L'arrivée de Napoléon sur l'île d'Elbe le 4 mai 1814
Face aux exigences des Alliés, il cède son trône, espérant naïvement le laisser à son fils. Mais le 6 avril, c'est une abdication sans conditions qui est signée, marquant le début de son exil sur l'île d'Elbe, un dénouement que lui-même n'aurait pu envisager. Les adieux de Fontainebleau, le 20 avril, marquent la fin d'une ère. Pendant que Napoléon s'éloigne, Louis XVIII, symbole d'un ordre ancien restauré, entre triomphalement à Paris.
L'évasion de l'île d'Elbe
La vie de Napoléon en exil
Carte de l'île d'Elbe en 1814
Dès son arrivée en exil sur l'île d'Elbe, Napoléon est déjà tourné vers l'avenir, rêvant de reconquête. Malgré ses efforts pour donner de l'éclat à ce royaume réduit, l'ennui le gagne, aggravé par des soucis financiers – une rente promise qui n'arrive pas. Isolé, il vit mal l'absence de sa femme Marie-Louise et de son fils. Elle a refusé de le rejoindre et a préféré rentrer à Vienne dans sa famille, les Habsbourg.

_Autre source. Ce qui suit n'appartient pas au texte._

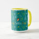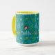 ake your daily dose of holiday cheer—and coffee!—in this amazing Buddy the Elf Pattern Mug. This unique mug is packed with an all-over graphic collage featuring everything fans love: Buddy's face, the New York City skyline, and famous phrases like "World's Best Cup of Coffee," "Son of a Nutcracker!," and "This is NOT the North Pole." With its eye-catching teal background and contrasting whimsical yellow handle and interior, this two-tone mug is a must-have for any true Elf enthusiast. It's the perfect size for cozy holiday drinks and makes an excellent, unique Christmas gift for coworkers, friends, or anyone who appreciates the festive fun of the classic film.

Désormais Napoléon règne sur un empire miniature. Malgré sa beauté et sa proximité avec la Corse, cela ne suffit pas à combler le vide laissé par l'absence de sa famille et le poids de ses ambitions perdues. De plus c’est depuis son exil sur l'île d'Elbe, qu’il voit Louis XVIII reprendre le trône de France. Malgré sa surveillance, Napoléon, même privé de moyens, travaille secrètement à planifier son retour.
Napoléon rêve d’évasion
Napoléon Ier quittant l'île d'Elbe. 26 février 1815, tableau de Joseph Beaume
Dès le 17 février 1815, profitant de l'absence du commissaire britannique Campbell, qui a la charge de sa surveillance, Napoléon orchestre discrètement l'armement de son voilier, « l'Inconstant ». Avec une facilité déconcertante, l'intendant Balbiani rassembla les nombreux ouvriers nécessaires au réarmement du navire. Mais « l'Inconstant » seul ne suffirait pas à porter l'ambition de Napoléon de retourner en France avec un millier d’hommes. Ainsi d'autres navires, dont l'étoile et plusieurs embarcations locales, furent discrètement préparés, sous l’œil d’une population bienveillante et muette. L'armement et les provisions furent embarqués en quelques jours.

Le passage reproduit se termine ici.